DATA SECTION ::
____

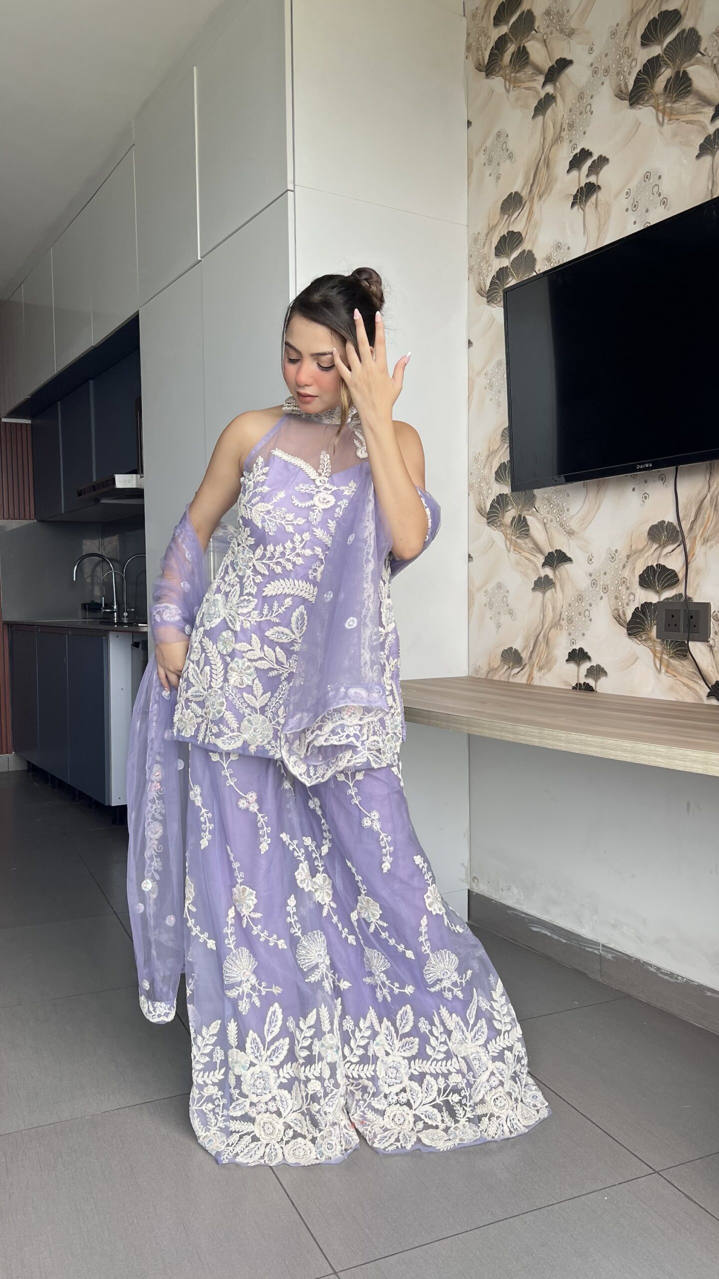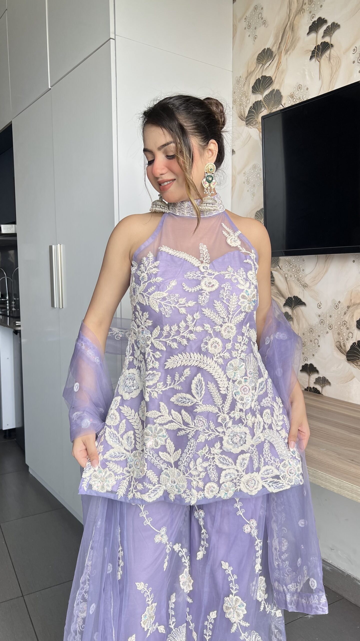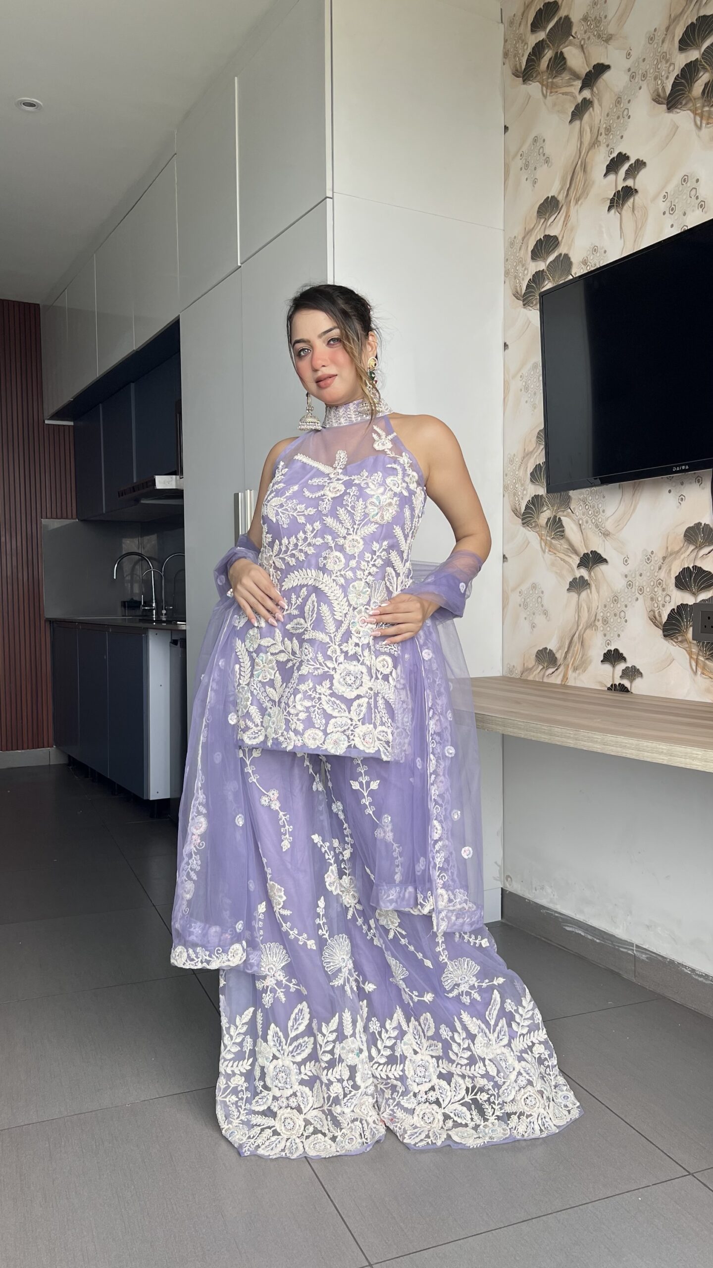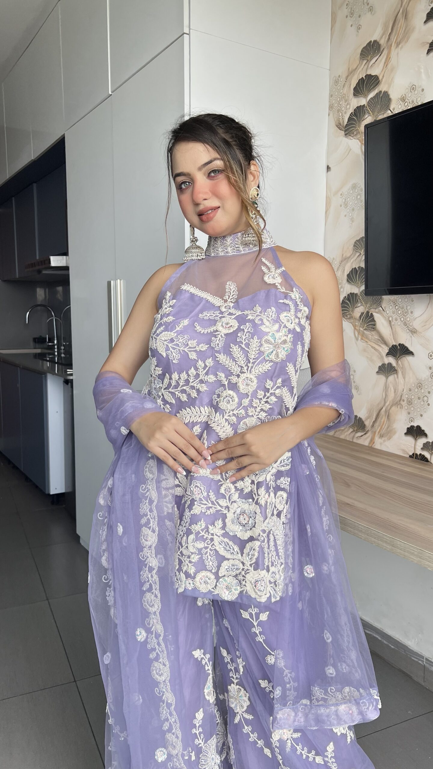 Step into elegance with this stunning lavender sharara suit, beautifully adorned with delicate white floral embroidery. The halter-style kurta paired with flowy sharara pants and a sheer dupatta makes it the perfect blend of tradition and modern charm. Ideal for weddings, festive occasions, or evening celebrations.
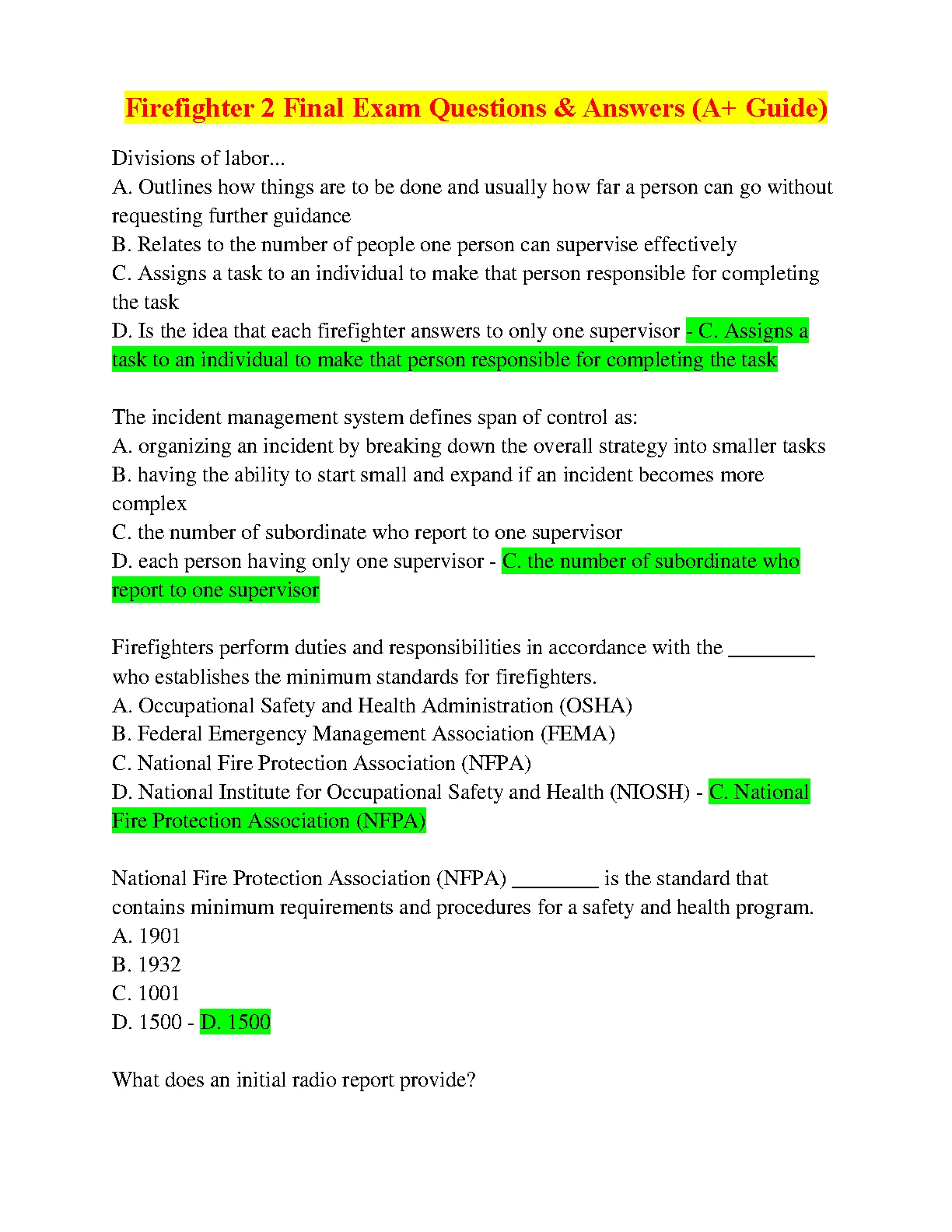 Firefighter 2 Final Exam Questions & Answers. GRADED A+
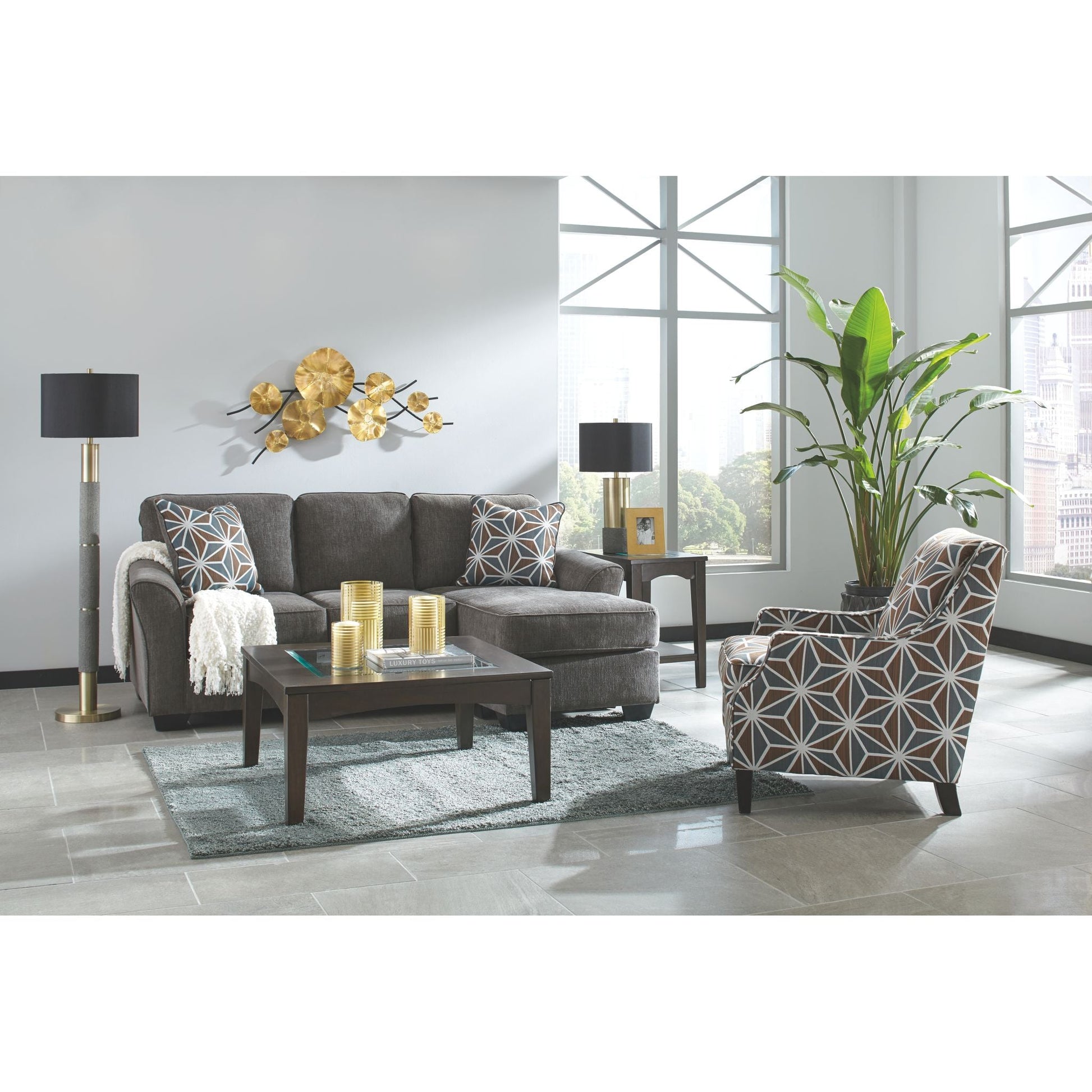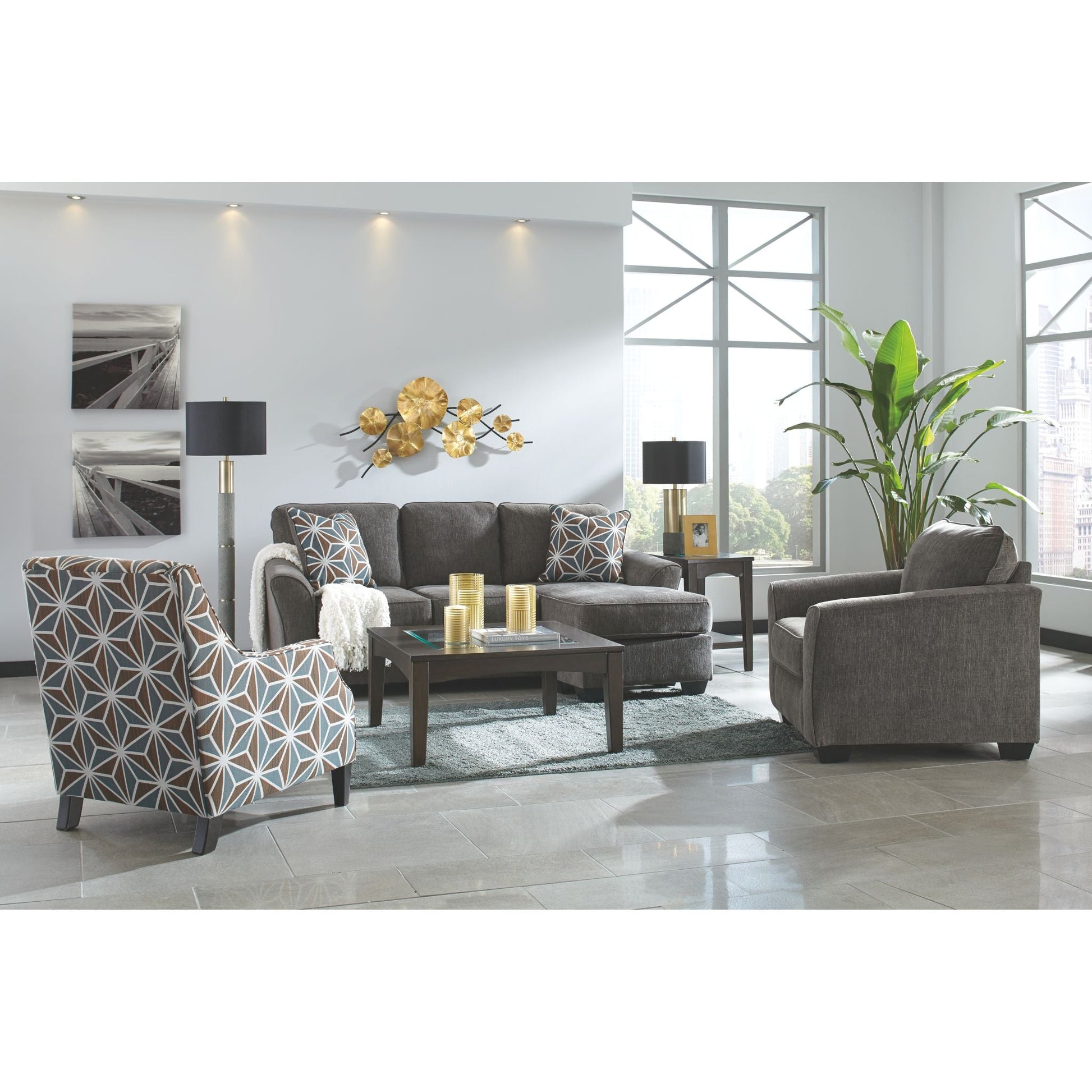 This sofa chaise is so casually contemporary. The 1970s era meets modern day allure with an energetic geometric pattern on the toss pillows. Paired together with slate colored menswear chenille, it’s incredibly comfortable and a show stopping sight. Versatile chaise has a movable ottoman and reversible cushion and can be used on right or left side.

____

WORK INSTRUCTION ::
Look above for the line containing "Firefighter 2 Final"; output that line and all lines after it through the last one exactly, without the pictures.

YOUR RESPONSE ::
 Firefighter 2 Final Exam Questions & Answers. GRADED A+
 This sofa chaise is so casually contemporary. The 1970s era meets modern day allure with an energetic geometric pattern on the toss pillows. Paired together with slate colored menswear chenille, it’s incredibly comfortable and a show stopping sight. Versatile chaise has a movable ottoman and reversible cushion and can be used on right or left side.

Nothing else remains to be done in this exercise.